6. Small stations without breakers which sectionalize transmission lines during faults.


2, 3 and 4 are to help meet reliability goals. While the system design consideration is such that the failure of any element including a buss or circuit breaker generally does not result in system instability and the loss of load over 80MW, it is highly advised that within 30-60 minutes the system be prepared to handle another contingency without encountering adverse operation there after. Within that time frame three options can prepare for a second contingency:

1. The system is of enough redundancy or capacity that no action needs to be taken as the second contingency will not result in negative operation afterward. Single transmission line faults or small generators as a first contingency are often such an example.

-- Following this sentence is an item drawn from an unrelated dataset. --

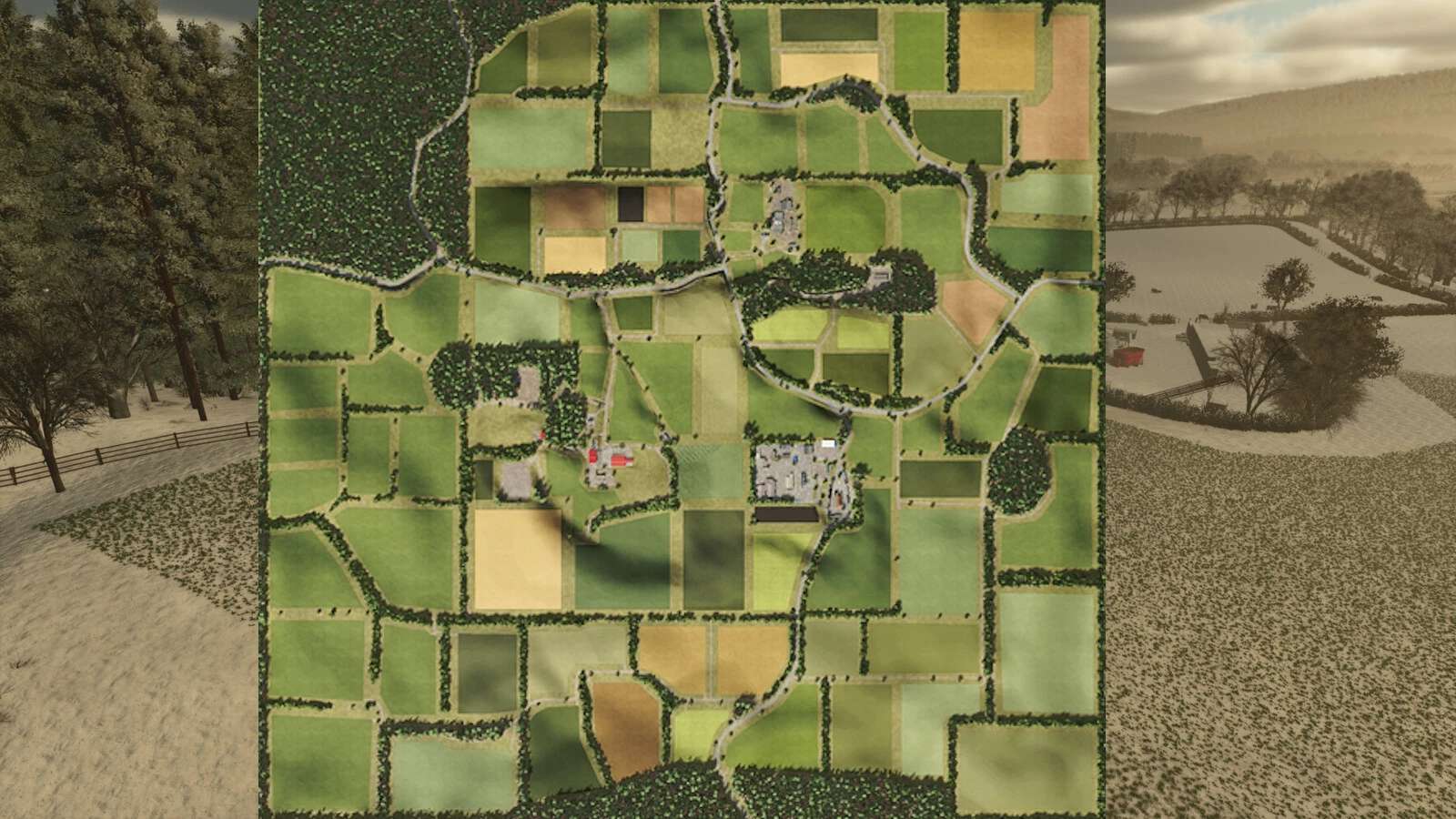 – Dwa czynne gospodarstwa rolne, w tym jedno z silosem zbożowym. Dwa obszary leśne na mapie.
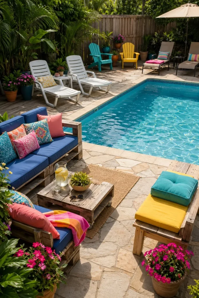 15. Budget-Friendly Outdoor Pool Seating Ideas

2. The faulted element(s) are removed or bypassed from the system within that time frame bringing the system to pre fault status.

3. generation re-dispatch, reactive resources (SVC, STATCOM, synchronous condenser), or similar are used to mitigate the negative impact of a second contingency. Even if stability wise the system can handle more then 1 contingency, lost load from any one or more contingencies must be restored within a certain amount of time.


Because a buss fault can be the literal equivalent of loosing 6, 8, 12 or more transmission lines; a failure of another major component like an auto transformer, large generator or especially another bus bar can trigger voltage collapse. Therefore its essential load flow through these transmission lines be restored within a short period of time (under 1 hour) which is accomplished via SCADA operation of MODs transferring everything to the remaining un-faulted bus. Of note, I know what your thinking, however the bus differential lockout is re-set via remote SCADA.


As for the MODs, becuase these do high current low voltage loop switching within the station (like placing a circuit on the transfer buss) or flopping to another buss while live, my understanding is that arcing whiskers can be damage as MODs are usually used in high voltage low current applications like transformer magnetizing current or buss charging current.





As for the price, my apologies, I don't remember off the top of my head, but when I get numbers you have my promise.